Guide

How to use Beer Check

Two ways to check a beer — choose whichever suits the situation.

Check a beer

Uploading a label photo

The label photo method uses OCR to extract text from the image. Photo quality is the biggest factor in accuracy.

1

Choose a clear, well-lit photo

Natural daylight or bright indoor light gives the best results. Avoid flash glare directly on the label surface.
2

Keep the label flat and square-on

Photograph the label straight-on rather than at an angle. The entire text area should be visible — don't crop the edges.
3

Focus on the front label

The front label usually has the beer name and brewery. The back label may have ingredients and allergens — upload whichever is more complete.
4

Review the OCR text

After analysis, expand “Raw OCR text” to see what was extracted. If it looks garbled, try retaking the photo with better lighting or use name lookup instead.

Searching by name

Name lookup is faster and more reliable when you know what the beer is called.

1

Enter the beer name

Use the exact product name as printed on the label — e.g. “Punk IPA” rather than just “IPA”.
2

Add the brewery (optional but helpful)

If multiple beers share a similar name, adding the brewery improves match accuracy.
3

Check the match confidence

A green confidence pill (80%+) means a strong match. Amber (60–79%) suggests the result may be a close but not exact match.

Reading results

Green ✓ — confirmed suitable (vegan / vegetarian / gluten-free as labelled)

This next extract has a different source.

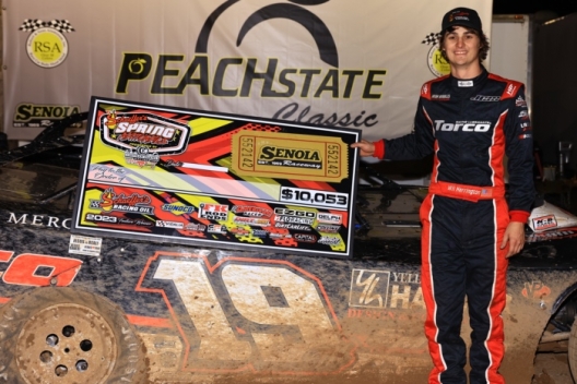 What won the race: Wil Herrington of Hawkinsville, Ga., took the lead for good on a lap-15 restart and paced the remaining circuits to capture Saturday night's 35-lap Schaeffer's Oil Spring Nationals feature at Senoia Raceway. He survived rugged track conditions to earn $10,053 for first career tour victory.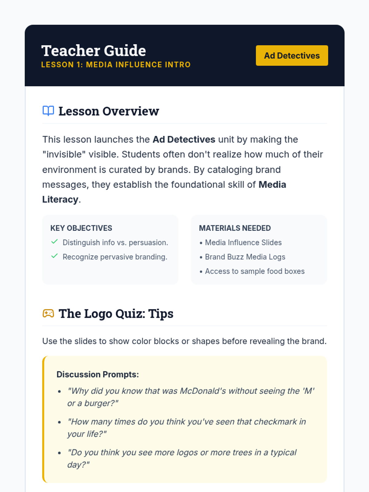 A comprehensive media literacy unit for 7th graders that teaches students to identify, analyze, and deconstruct persuasive advertising techniques across various media platforms. Students progress from recognizing the frequency of ads to critiquing the psychological and visual strategies used to influence consumer behavior.

Red ✗ — confirmed NOT suitable

Grey ? — unknown; no data available in the database for this beer

The allergen pills list specific allergens declared on the label or in the database entry. An empty allergens list means none were recorded — not necessarily that the beer is allergen-free.

Search history

Your last 20 searches are saved in your browser's local storage so you can refer back to them without re-searching. History never leaves your device — see Privacy for details.